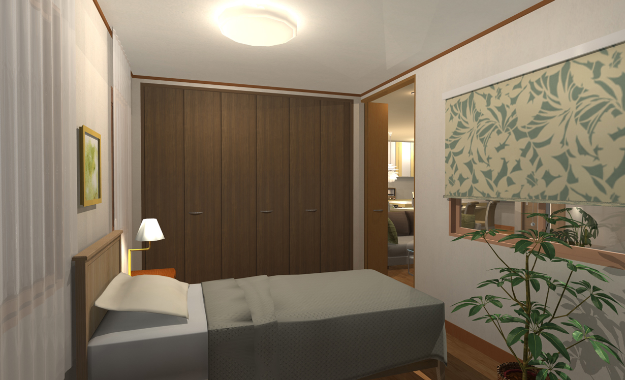 寝室は、ベッドがバリアフリー化の変化に対応できるようにしました。
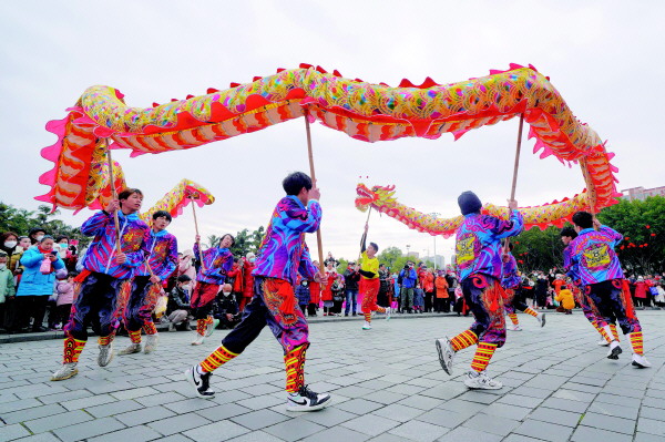 18日,在灵川县,人们在春节喜乐嘉年华活动上表演舞龙。
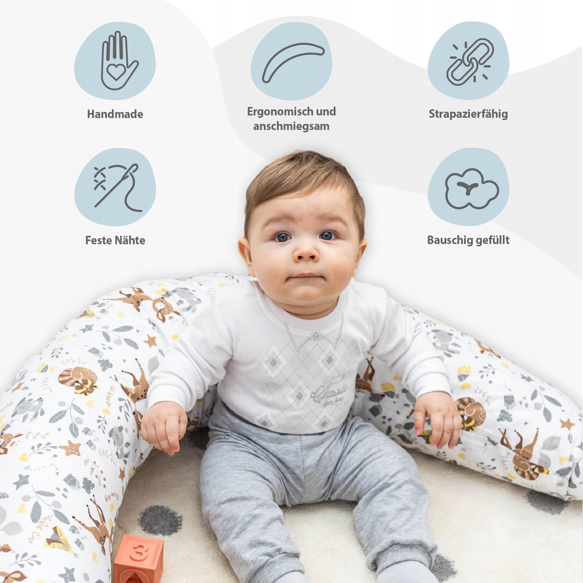 Kocyk dla niemowląt Totsy XXL Poduszka do karmienia Poduszka dla kobiet w ciąży Poduszka do podparcia - Bawełna Poduszka ciążowa dla dorosłych - 190 cm Jeleń

__________

PROBLEM TO SOLVE —
Using the data above, print every line exactly, omitting pictures.

WRITTEN RESPONSE —
 寝室は、ベッドがバリアフリー化の変化に対応できるようにしました。
 18日,在灵川县,人们在春节喜乐嘉年华活动上表演舞龙。
 Kocyk dla niemowląt Totsy XXL Poduszka do karmienia Poduszka dla kobiet w ciąży Poduszka do podparcia - Bawełna Poduszka ciążowa dla dorosłych - 190 cm Jeleń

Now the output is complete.